14C-Metformin biodistribution studies
Eight-week-old A/J mice were injected intraperitoneally with 200 μL of metformin (250 mg/kg containing 14C-metformin at 100 μCi/kg body weight) prepared in 0.9% saline. One hour after injection, mice were sacrificed by cervical dislocation and tissues were harvested and wet-weighed. Tissues were solubilized for 4 hours at 50°C in Soluene-350 (PerkinElmer) and then added to 10 mL of Ultima Gold (PerkinElmer) scintillation fluid. Radioactivity was measured using a liquid scintillation counter, and CPM was converted to μmol/kg of wet tissue. The amount of metformin uptake in tissues was expressed relative to liver uptake for each mouse.

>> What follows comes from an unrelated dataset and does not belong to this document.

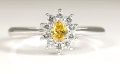 | ●愛知県のお客様(女性)にリングに加工してお届けいたしました。 センターのイエローダイヤのカラーを最大限に生かすよう、周囲にカラーレスのメレダイヤを配し、より一層美しいイエローを堪能できるリングに仕上がりました。 イエローダイヤの力が有るので、余計なデザインはかえって邪魔してしまうためシンプルな定番のデザインをお選び頂きました。 小さくても存在感のある逸品です。 お客様オーダー実例集を見る |

For gavage administration, 200 μL of metformin (5 mg/mL containing 14C-metformin at 100 μCi/kg body weight) was administered and mice were sacrificed 1 hour later. For ad libitum oral administration, mice were given 5 mg/mL metformin containing 14C-metformin dissolved in drinking water for 5 days before sacrifice. Six mice per group were used for each administration route.
Growth factor ELISAs
Levels of various growth factors (EGF, FGF, HGF, VEGF) were analyzed from plasma using the appropriate Quantikine ELISA Kits (R&D Systems) according to the manufacturer's protocol.
ATP and lactate assays
IO33 cells treated with varying concentrations of metformin for 24 hours, or mouse liver and lungs treated with metformin (250 mg/kg i.p. qdX3), were harvested and subjected to the Enzylight ATP or Lactate Assay Kits (BioAssay Systems), according to the manufacturer's protocol.
Statistics
Data are presented as mean ± SD. Statistical significance was determined between groups using an unpaired 2-tailed Student t test. P <than 0.05 was considered significant.
Results
Mice with reduced IGF-I levels exhibit decreased susceptibility to lung tumorigenesis, which is potentiated by metformin treatment
To specifically determine the role of circulating IGF-I in NNK-induced lung tumorigenesis, we used LID mice that were backcrossed 7 generations into the A/J strain, thereby inducing susceptibility to NNK. After treatment with NNK, lung tumor multiplicity, size, and burden were significantly decreased in LID mice compared with WT mice (67%, 40%, and 74% decrease, respectively; Fig. 1A–C). In WT mice, oral metformin decreased lung tumor multiplicity and burden to a similar extent as our previous study (64% and 77% decrease, respectively). LID mice treated with metformin had further inhibition of lung tumorigenesis. Tumor multiplicity and burden were decreased significantly in LID mice in the metformin group compared with the control group (76% and 85%, respectively). These data indicate that basal levels of IGF-I determine response to NNK and that metformin further potentiates the protective effect of IGF-I loss.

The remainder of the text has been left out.